Find out what properties like yours have recently sold for in your area of town.   In residential real estate, this is called a “comparative market analysis” or CMA.  In commercial, you’ll do a “market study”. 

It pays to price accurately, because your price signals the market about how realistic you are as a seller.  Your price will also determine how long you sit on the market.  If you over-price, be prepared to sit there.

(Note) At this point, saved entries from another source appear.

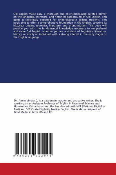 Old English Made Easy, a thorough and all-encompassing curated primer on the language, literature, and historical background of Old English. This guide is specifically designed for undergraduate college students. This book aims to offer a comprehensive foundation in Old English, covering its historical origins, grammar, literature, and pronunciation. This book will provide you with the fundamental knowledge necessary to comprehend and value Old English, whether you are a student of linguistics, literature, history, or simply an individual with a strong interest in the early stages of the English language.
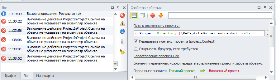 Доброго времени. Зенка версии 5.10.4.1. У меня при попытке выполнить "Проект в проекте" шаблон "ReCaptchaGnizer.xmlz" завершается с ошибкой. В логе пишет ссылка на объект не указывает на экземпляр объекта. Как можно исправить подскажите пожалуйста.
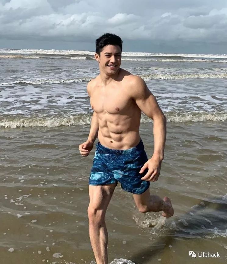白云沙滩海浪,他自由地奔跑着,棱角分明的八块腹肌默默诠释着这个男人的雄性荷尔蒙!
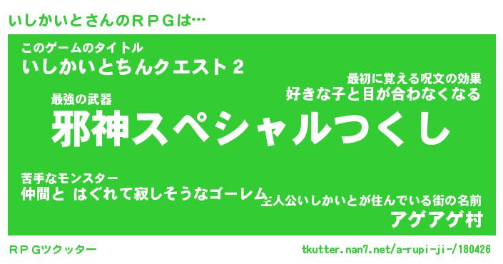 | 男性向けラノベタイトル風あだ名 | 『イシカイトアートオンライン』 |
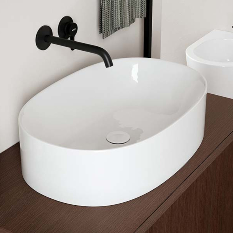 SCARABEO SKINNY 5409 Раковина накладная без отверстия под смеситель, без слива-перелива. Размеры: 60x40x15h см. Цвет White.
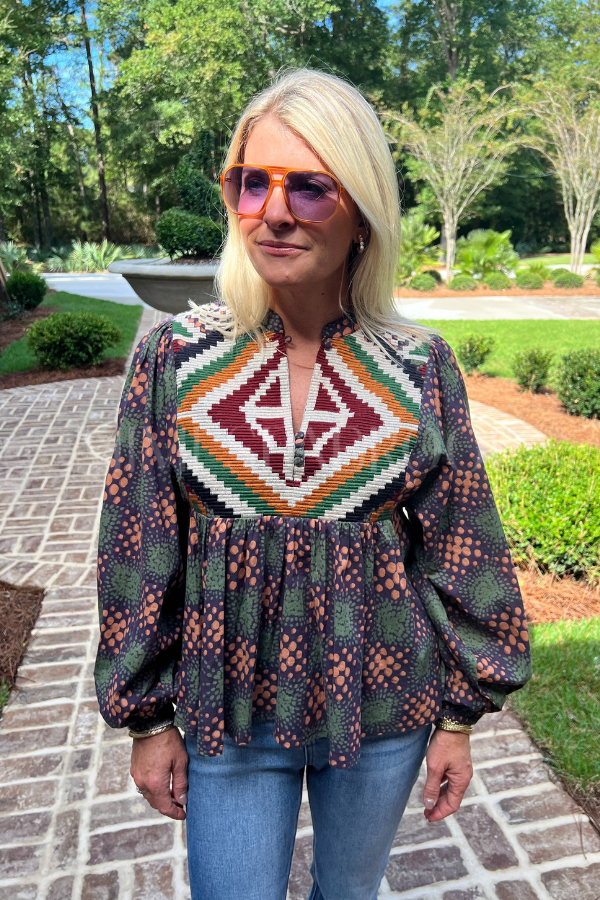 Ainika Pineapple Ikat Blouse by Farm Rio
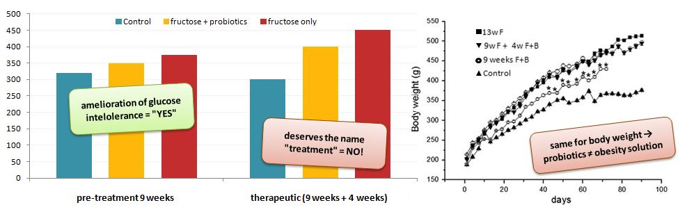 The improved response to the glucose tolerance test, on the other hand was observed in both the pre-treated group, in which the rodents received fructose and probiotic bacteria together for 9 weeks, and the "therapeutic" group, in which the probiotics were gavaged to already obese rodents for only four weeks.
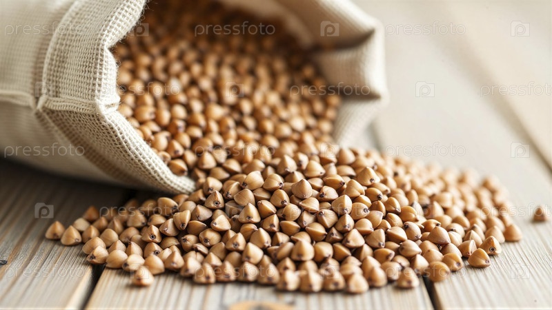 Семена гречихи разливаются из мешка на деревянной поверхности
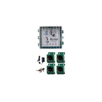 Bird Gard Super Pro features four high power amplifiers and four external speakers for crystal-clear digital output. The solid-state electronics are mounted inside a weather-resistant control box suitable for most any condition. The Bird Gard Super Pro is fully programmable, with adjustments for volume, specific sound combinations, daylight, night, or 24-hour operation. The unit includes both an AC power adapter and a battery cable (if a battery is used a 12-volt group 27 battery with at least 100 amp hours is required, but not included). Check out our Super Pro with a metal 4-Speaker Enclosure.
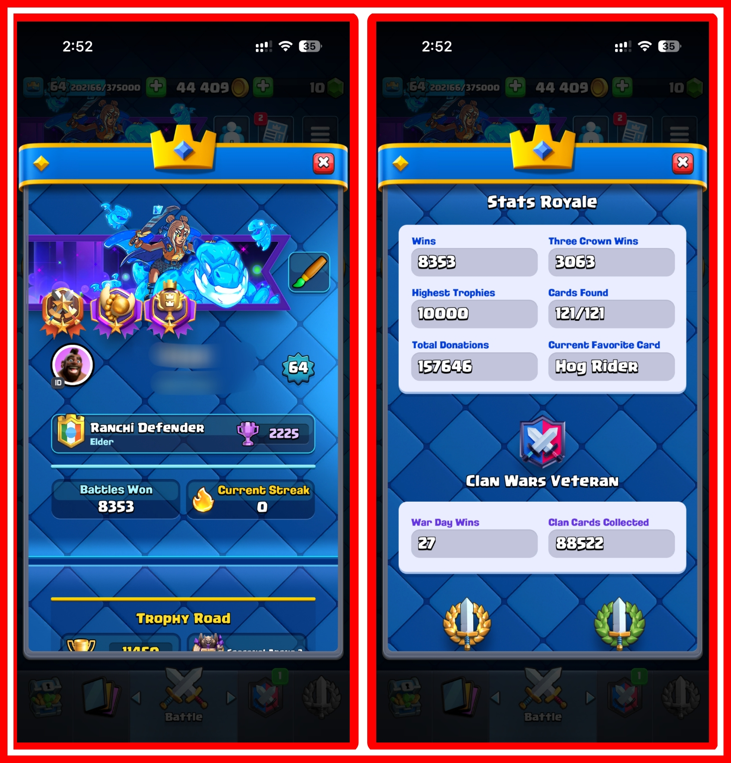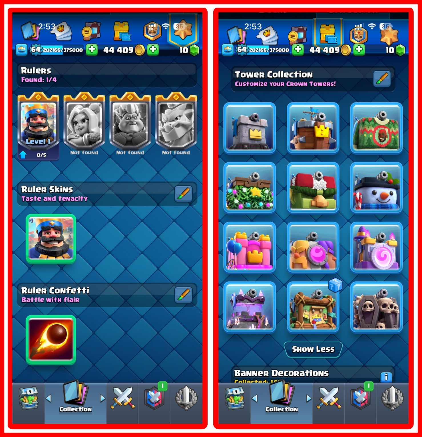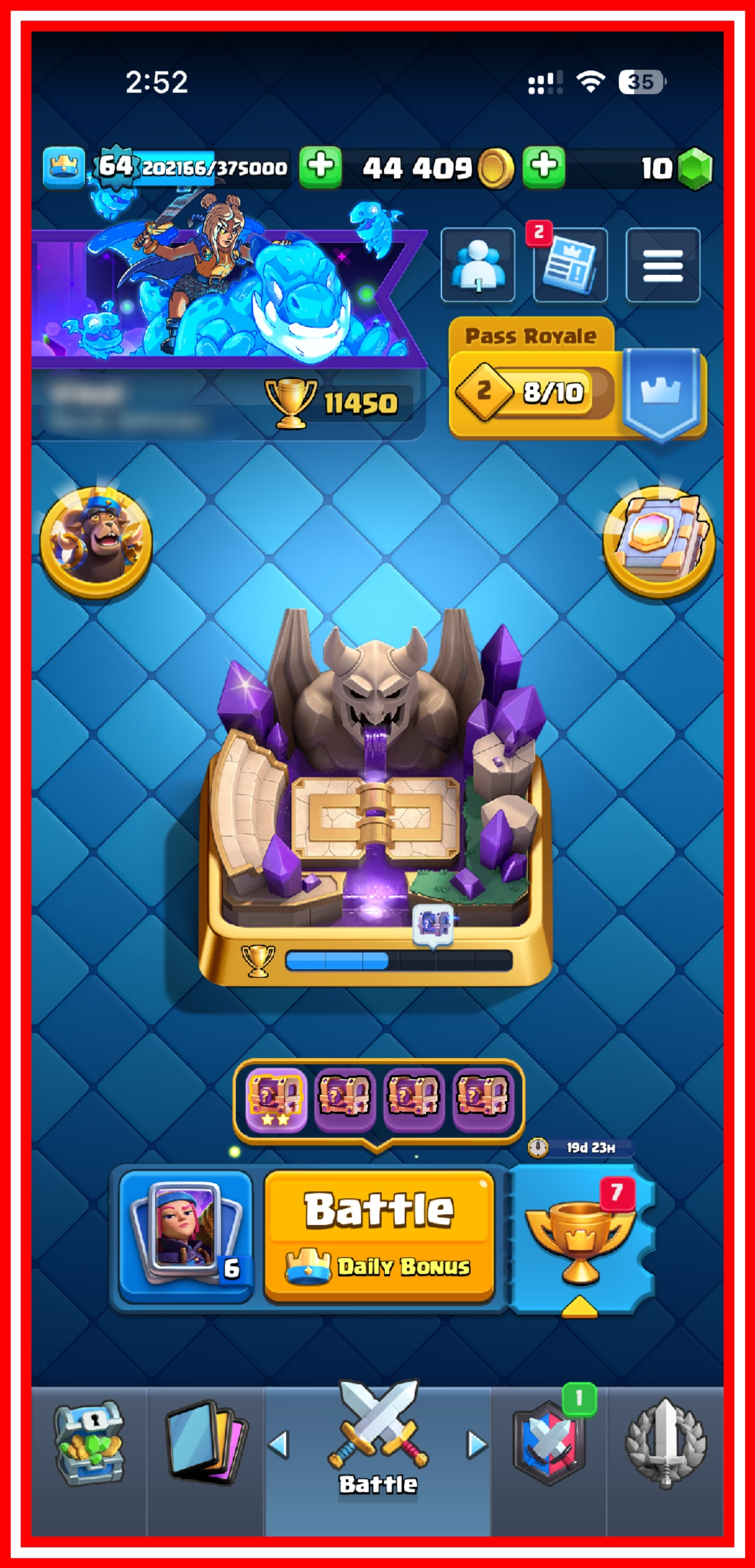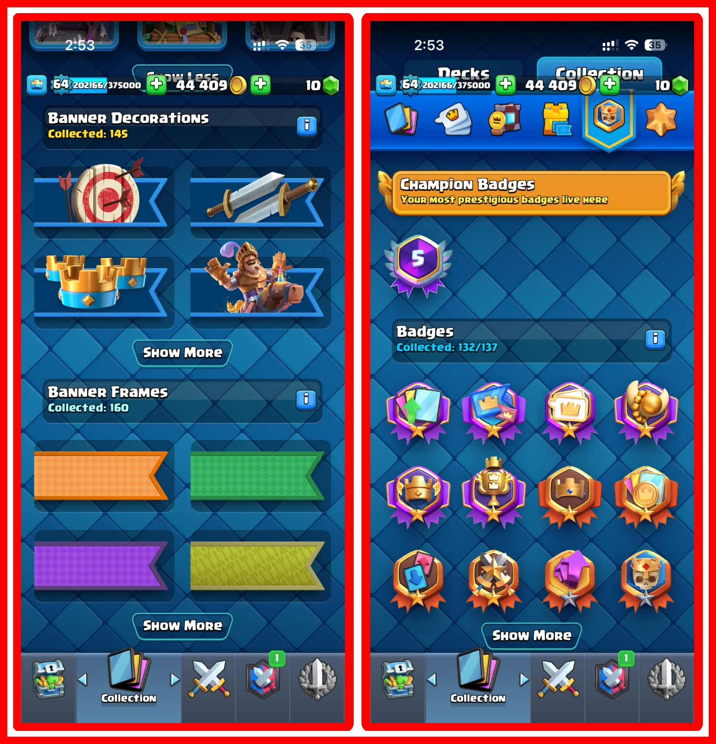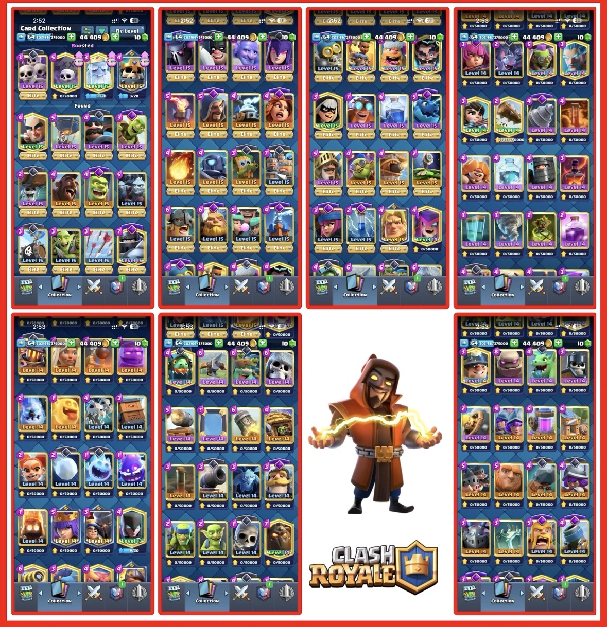 KT ⸱ 15 ⚡️Exp ⸱ 64 ⚡️11k Trophies 🏆 5 Year old 😱109 Max Cards 🔥44 Elite 🔥17 Evo 🔥216 Emotes 😱132 Badges 😍160 Frames 💎121/121 Cards 🤩Instant Delivery
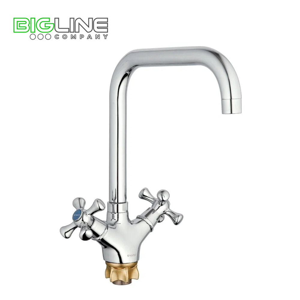 Смеситель ZEGOR DML4-C827 двуручный для кухни с поворотным изливом,на гайке (10) Запросить прайс

It pays to understand what is and is not comparable to your property.  Let’s use your home as an example.  The more similar your home is to a property you compare it to, the better “comp” (comparable) the other property it is.  It will be more persuasive in arguing your home’s value.   Choosing “comps” is a big part of pricing a home to sell it. 

 

Let’s say you live in a 2,800 square foot home with a Diamond Devco “Island Aire” floorplan.  It has these features:

  • In the northern part of town 

  • In Blue Sky Subdivision

  • Built in 1998, 

  • On a 60’ x 130’ lot, 

  • Directly next to a busy street, and 

  • 3 bedrooms and 2 bathrooms.  

  • It does NOT have a swimming pool, but the yard is fenced.

 

We know that your friend just listed her home with the exact same floorplan for $800,000, but she lives in a completely different area of town, and we will ignore it.  Why???  Her home is:

  • Not sold

  • In the southeastern part of town

  • In the Ocean View Subdivision

  • On a cul-de-sac

  • Built in 2001

  • On a 60’ x 100’ lot, and

  • It does have a swimming pool.

 

Your friend’s home might have the exact same floorplan, but she lives in a different area of town, her home is newer, and while she has a smaller lot, she does have a swimming pool, which also gives her an upward bump in value.  Also, she has not yet sold her home.  The market will tell what her home is worth in her market when we see what a buyer agrees to pay for it, but we don’t know that until it sells.

 

We are over-simplifying, and there is a lot more of a science to choosing comps, but generally, we look for:

  • Properties in your subdivision or neighborhood (even better if they are on your street).

  • That have sold within the last year

  • With a similar size, similar age and similar size lot

  • With similar features

 

We do look at properties that are listed but have not yet sold, but only to set our sales expectations.  If comps say that the homes like yours recently sold between $500,000 and $550,000, we would expect a similar sale.  The market might have moved up a little (like 1% or 2%) if the market trend is upward, so, we’ll give you that.  However, let’s say 2 similar homes in your neighborhood were just listed yesterday at $485,000 each.  That would indicate a downward trend.  Unless your home is far superior, it would be hard to get $500,000, much less $550,000.  If you insist on listing high, you’ll sit there for a while.  We would recommend pricing in line with other homes that are available to the same buyer in the same area. 

 

Remember - even if you get a contract at a really high price, you will usually face an appraiser who will do what??  Look at the comps!  If the comps don’t support your price, the buyer won’t be able to finance the purchase, and you’ll sit with it.

 

Accurate pricing is an art.  We understand that most sellers are mistrustful of agents in this regard.  Sellers believe all agents want is a quick sale and price low to the detriment of sellers.  Maybe that is true for some bad apples.  Normally though, Realtors get a bad reputation for selling out their customers that way.  An experienced Realtor who shows you credible market figures and has a well-founded basis for his or her opinion, is actually providing valuable market insight to help you achieve your goal of selling!